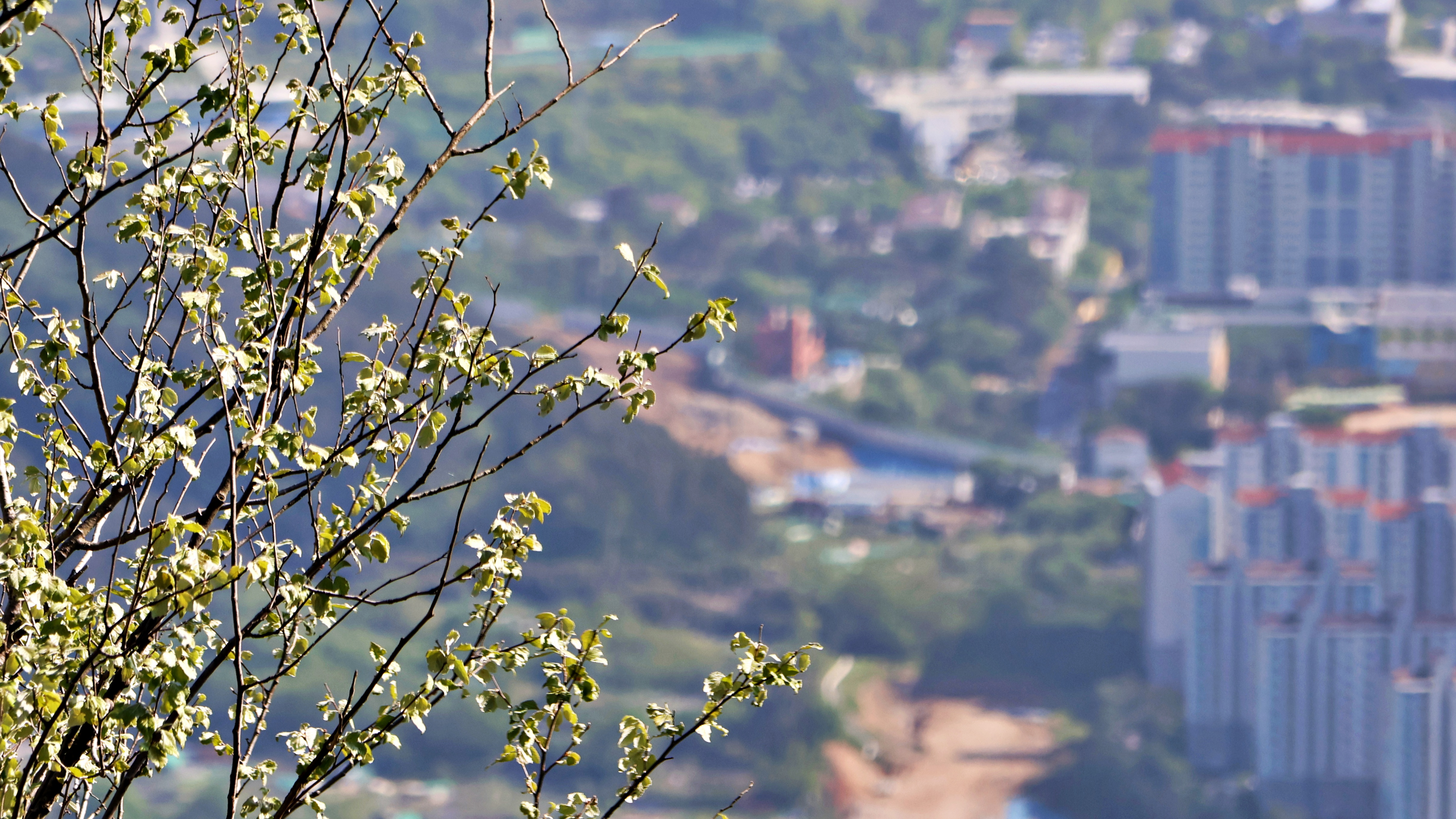 자은동 아파트 밀집지역 근경으로 편백이 숲을 이루고 있다. 자연의 숲과 인간의 숲이 대조적이다.
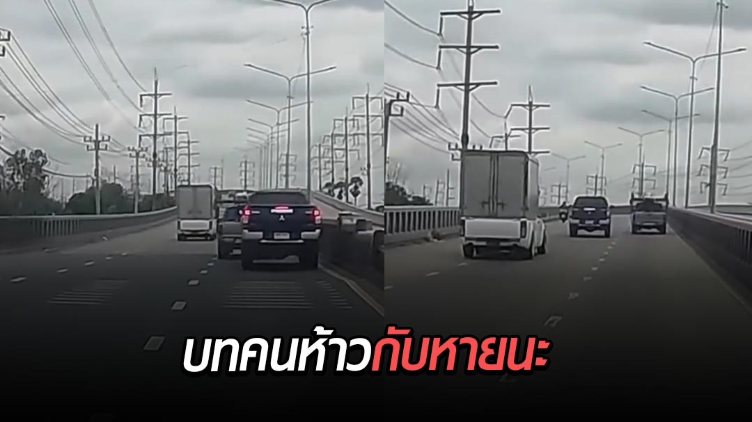 เพจเฟซบุ๊ก ควายหลุดถนน V1 โพสต์คลิปกล้องหน้ารถนาทีอุบัติเหตุ บนถนนฉลองกรุง เมื่อวันที่ 26 ก.ย. 2568 จังหวะรถกระบะ 2 คันจะเข้าเลนขวา กระบะสีดำโดนปาดหน้าก็เกิดหัวร้อนจะเอาคืน พอปาดกลับก็กลายเป็นหายนะ
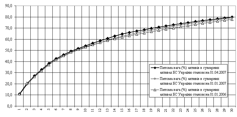 Таблица Б.1 Активи та зобов”язання перших 30 банківських установУкраїни станом на 01.01.2006 року [37]
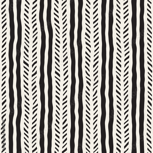 Seamless pattern with hand drawn brush strokes. Ink doodle illustration. Geometric monochrome vector pattern.
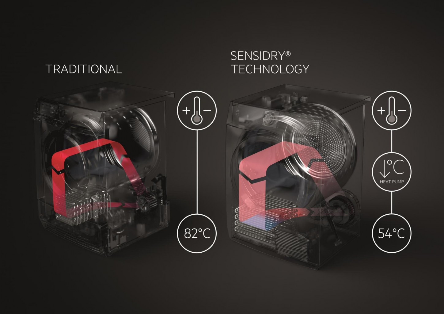 Technologie SensidrySušičky AEG s technologií SensiDry suší při nízkých teplotách a využívají precizní senzory na monitorování cyklu sušení. Oděvy tak nebudou nikdy vystavené zbytečnému teplu a déle si zachovají strukturu, kterou měly ještě jako úplně nové. Nízká teplota navíc pomáhá šetřit energii.
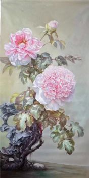 • Flower oil painting suitable for the entrance position, pure hand-painted oil painting, peony oil painting
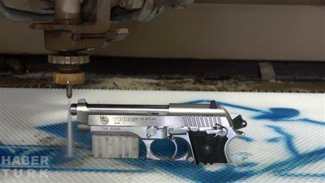 Baba-oğul, aldıkları tabancayı ortasından ikiye keserek içinde ne olduğunu izleyenlerine gösterdi.
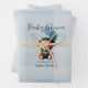 Enhance your festivities with a unique baby shower themed gift wrapping paper sheets featuring blue colours, and a casual chic teddy bear with gingham and balloons. Personalise with the name of the event, and the name of the guest of honour on one sheet. Great coordinate item. Bear Jean Baby design. Use the template to create special, personalised gift bags.
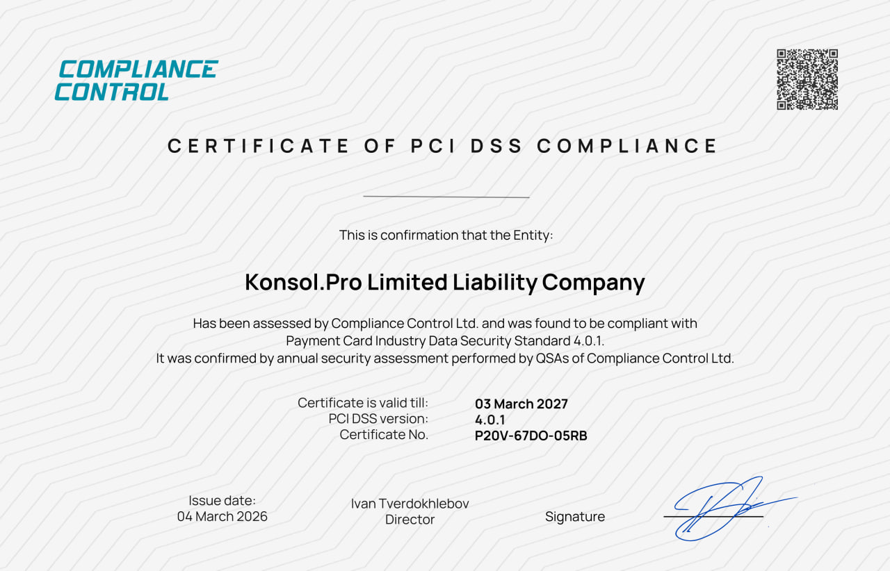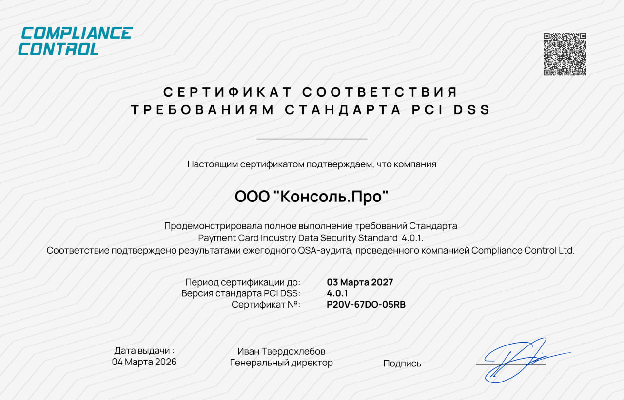 Консоль.Про располагается в облачной инфраструктуре Яндекс Облака, с центрами обработки данных на территории Российской Федерации, которые соответствуют международным стандартам и законодательству, например PCI DSS, № 152-ФЗ «О персональных данных», ГОСТ Р 57 580.
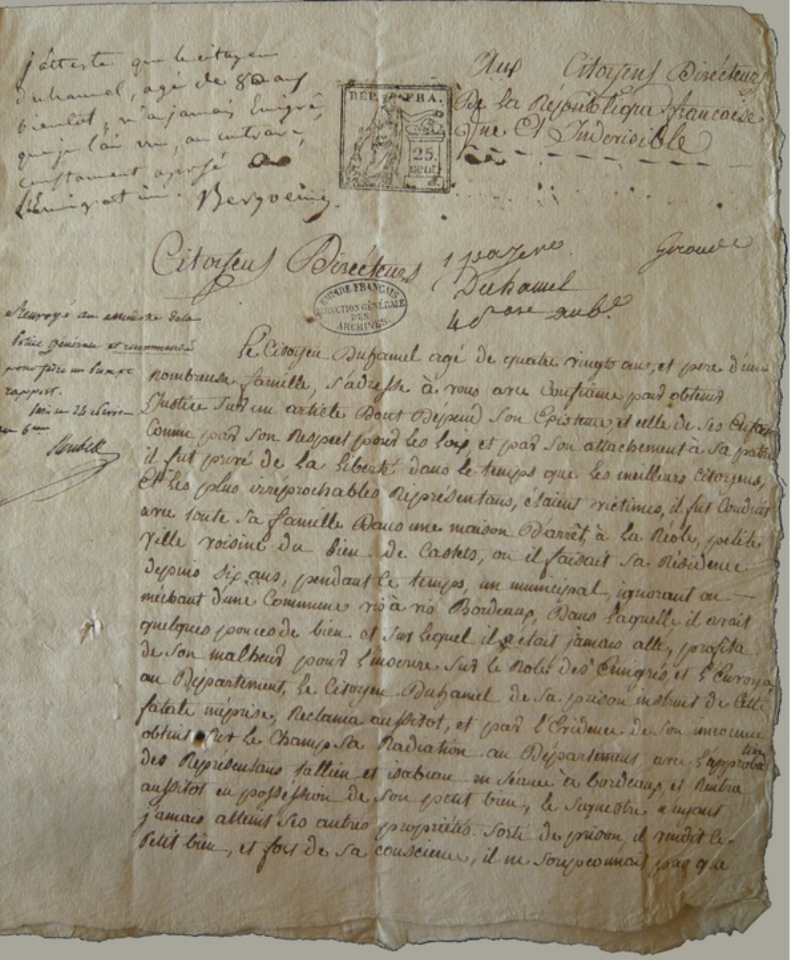 au département, le citoyen Duhamel de sa prison instruit de cette
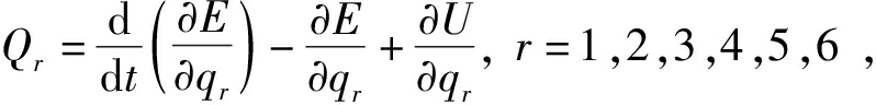 式中:Qr为对第r个广义坐标的广义力,N;t为时间,s;E为系统的动能,J;qr为第r个自由度的广义坐标;U为系统的势能,J。
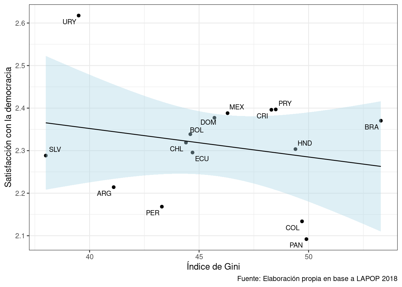 En la Figura 1 se muestra la asociación entre el promedio de satisfacción con la democracía y el nivel de desigualdad ecónomica de los países.
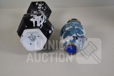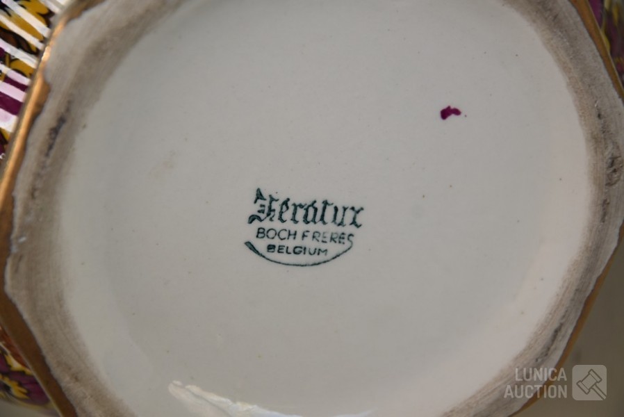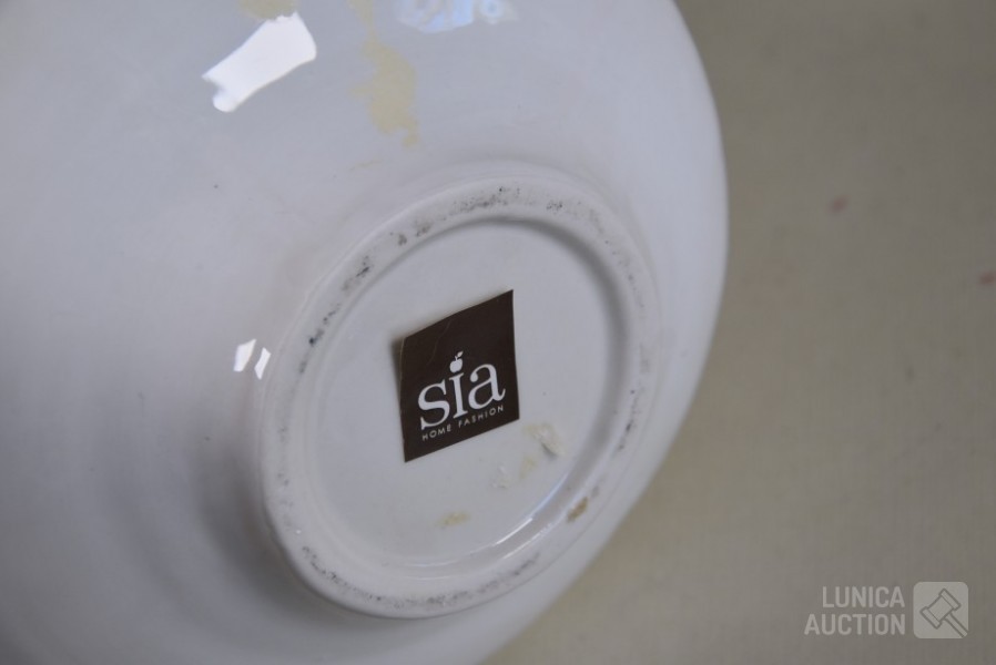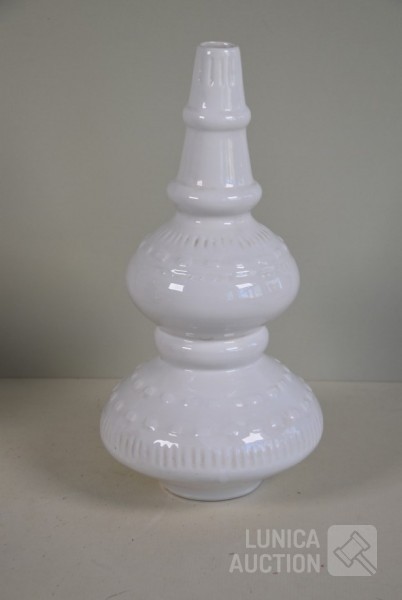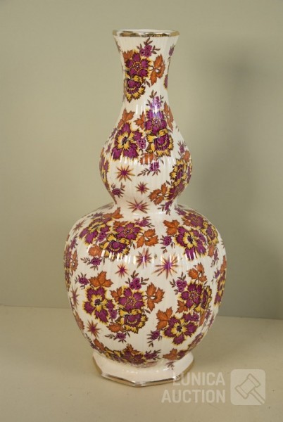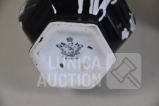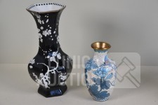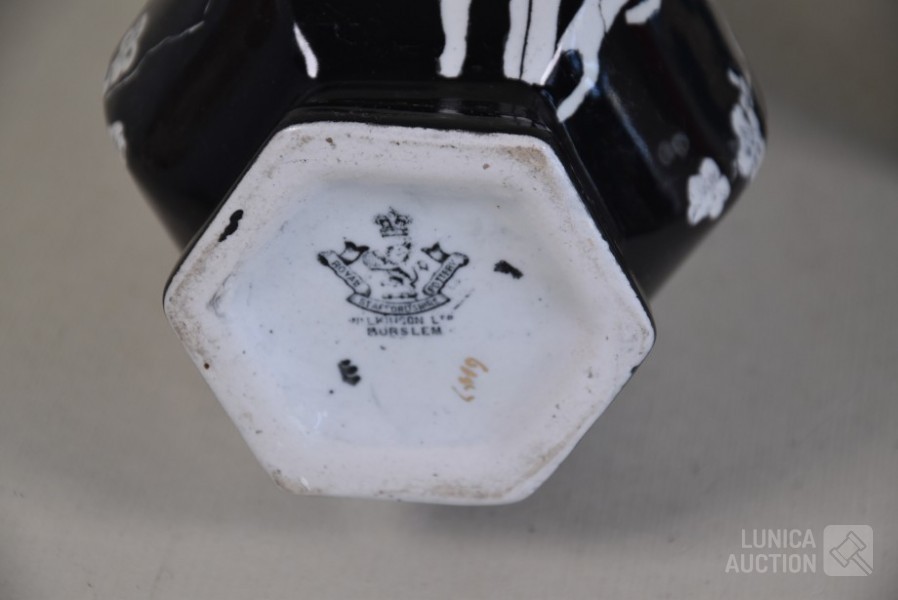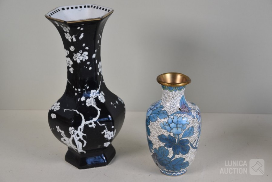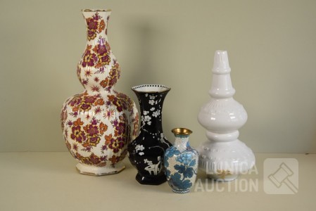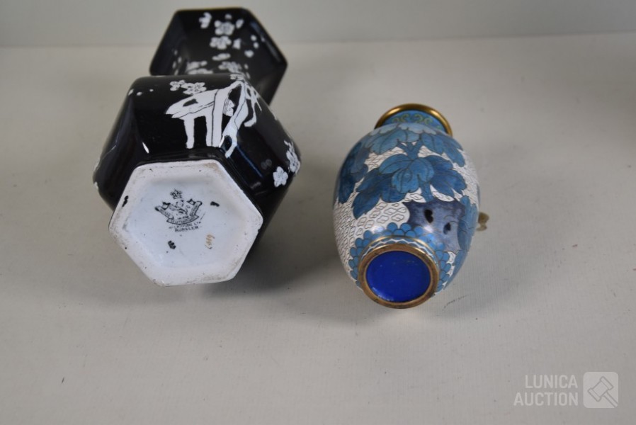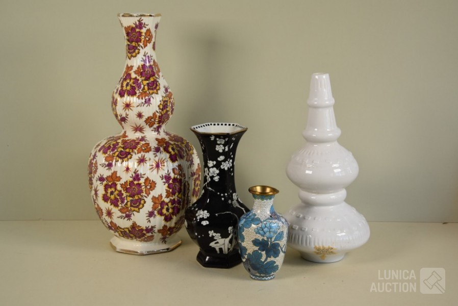 Cloisonne vaas, hoogte 15 cm; Porseleinen vaas met floraal decor, kleur zwart, Royal Staffordshire pottery Burslem, hoogte 25 cm; Vaas, wit aardewerk, SIA Home Fashion, hoogte 34 cm; Grote BOCH Keralux vaas, met vergulde rand (sleets), hoogte 44 cm!.
☆ ☆ ☆
(HOW TO COMPLETE THIS TASK) What is needed here is an exact copy of the lines from the line containing "เพจเฟซบุ๊ก ควายหลุดถนน V1" through the end of the records, with every picture left out.

(EXERCISE SOLUTION)
 เพจเฟซบุ๊ก ควายหลุดถนน V1 โพสต์คลิปกล้องหน้ารถนาทีอุบัติเหตุ บนถนนฉลองกรุง เมื่อวันที่ 26 ก.ย. 2568 จังหวะรถกระบะ 2 คันจะเข้าเลนขวา กระบะสีดำโดนปาดหน้าก็เกิดหัวร้อนจะเอาคืน พอปาดกลับก็กลายเป็นหายนะ
 Таблица Б.1 Активи та зобов”язання перших 30 банківських установУкраїни станом на 01.01.2006 року [37]
 Seamless pattern with hand drawn brush strokes. Ink doodle illustration. Geometric monochrome vector pattern.
 Technologie SensidrySušičky AEG s technologií SensiDry suší při nízkých teplotách a využívají precizní senzory na monitorování cyklu sušení. Oděvy tak nebudou nikdy vystavené zbytečnému teplu a déle si zachovají strukturu, kterou měly ještě jako úplně nové. Nízká teplota navíc pomáhá šetřit energii.
 • Flower oil painting suitable for the entrance position, pure hand-painted oil painting, peony oil painting
 Baba-oğul, aldıkları tabancayı ortasından ikiye keserek içinde ne olduğunu izleyenlerine gösterdi.
 Enhance your festivities with a unique baby shower themed gift wrapping paper sheets featuring blue colours, and a casual chic teddy bear with gingham and balloons. Personalise with the name of the event, and the name of the guest of honour on one sheet. Great coordinate item. Bear Jean Baby design. Use the template to create special, personalised gift bags.
 Консоль.Про располагается в облачной инфраструктуре Яндекс Облака, с центрами обработки данных на территории Российской Федерации, которые соответствуют международным стандартам и законодательству, например PCI DSS, № 152-ФЗ «О персональных данных», ГОСТ Р 57 580.
 au département, le citoyen Duhamel de sa prison instruit de cette
 式中:Qr为对第r个广义坐标的广义力,N;t为时间,s;E为系统的动能,J;qr为第r个自由度的广义坐标;U为系统的势能,J。
 En la Figura 1 se muestra la asociación entre el promedio de satisfacción con la democracía y el nivel de desigualdad ecónomica de los países.
 Cloisonne vaas, hoogte 15 cm; Porseleinen vaas met floraal decor, kleur zwart, Royal Staffordshire pottery Burslem, hoogte 25 cm; Vaas, wit aardewerk, SIA Home Fashion, hoogte 34 cm; Grote BOCH Keralux vaas, met vergulde rand (sleets), hoogte 44 cm!.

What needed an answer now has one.